Personally, I'm looking forward to a quad core intel-mac. ;-)
george
On Nov 24, 2005, at 6:33 AM, Daniel Lichtblau wrote:
> JikaiRF at AOL.COM wrote:
>> Dear Sirs,
>> I have some questions about how long a computer can calculate,
>> without
>> damages on hard wear.
>> More specifically speaking, I intend to depict trajectories on (k,
>> c) axis,
>> which are derived from programming on Mathematica.
>> My program is as follows:
>>
>> << Graphics`ImplicitPlot`
>> L = 48;
>>
>> a = 0.1;
>>
>> A = 1;
>>
>> r = 0.1;
>>
>> t = 0.046296296296296294`;
>>
>> ImplicitPlot[A r L (1 - a)((1 -t) c k^a == (a+(1-a)(1- t)) L^2 (1-
>> a)^2 (1- t
>> )^3 k^(3a-1)
>> +L(1-a) c (1- t) (-A(a+(1-a)(1- t))(2- t)-(1-
>> a)(1- t)^2
>> +A a(1- t)) k^(2a-1)
>> +A c^2 (A(a+(1-a)(1- t))+(1-a)(1- t) -A a(1-
>> t)) k^(a-1)
>> +A^2 r c^2, {k, 0.8, 1.5}]
>>
>> This program seems to work well.
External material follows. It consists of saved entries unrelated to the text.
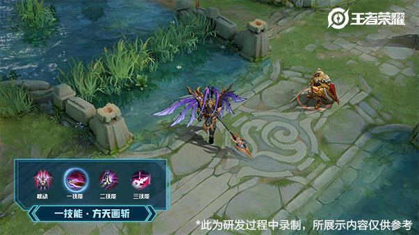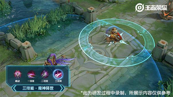 一技能强化了方天画戟重击端的纹路特效,有由轻到重再到轻的过渡,很好的体现出了魔神邪魂缠绕的主体元素,另外方天画戟所过之处还细心地加入了符文法阵,附魔效果也升级成为了小恶魔特效。
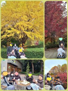 柏の葉公園へ♪赤や黄色の紅葉がとっても綺麗でした!たくさん歩いた後はカフェで一息です(*^-^*)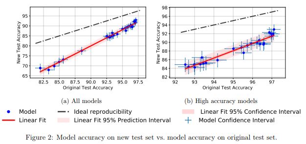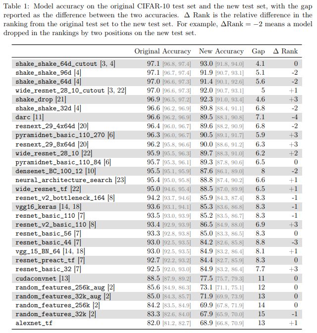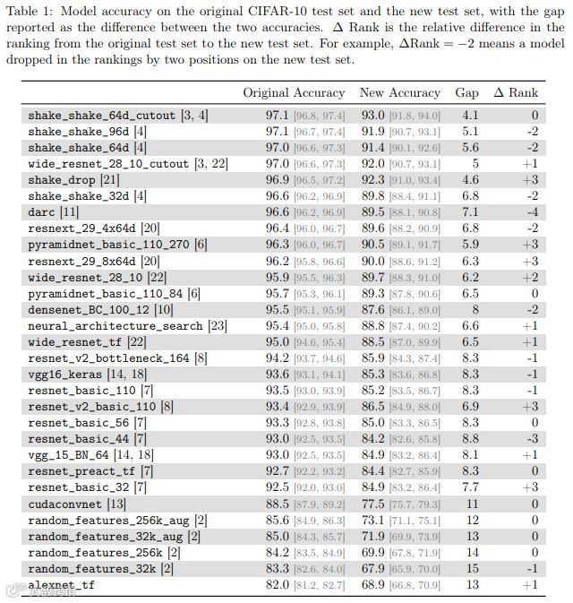 研究者发现,很多神经网络模型在从原来的测试集切换到新测试集的时候,都出现了明显的准确率下降(4% - 15%)。但各模型的相对排名依然相对稳定。

However, I cannot obtain the
>> curve which
>> should be derived from the above program, though my computer
>> continues to
>> calculate more than fifteen minutes.
>>
>> I would like to know how long a computer can calculate without
>> damages on
>> hardware, and additionally how long it takes to obtain the
>> required curve based
>> on my computer.
>> Especially, my computer is PowerBook G4 with 1.5 GHz processor.
>>
>> Sincerely,
>> Fujio Takata.
>>
>
> I have no idea what sort of computation load a PowerBook can handle.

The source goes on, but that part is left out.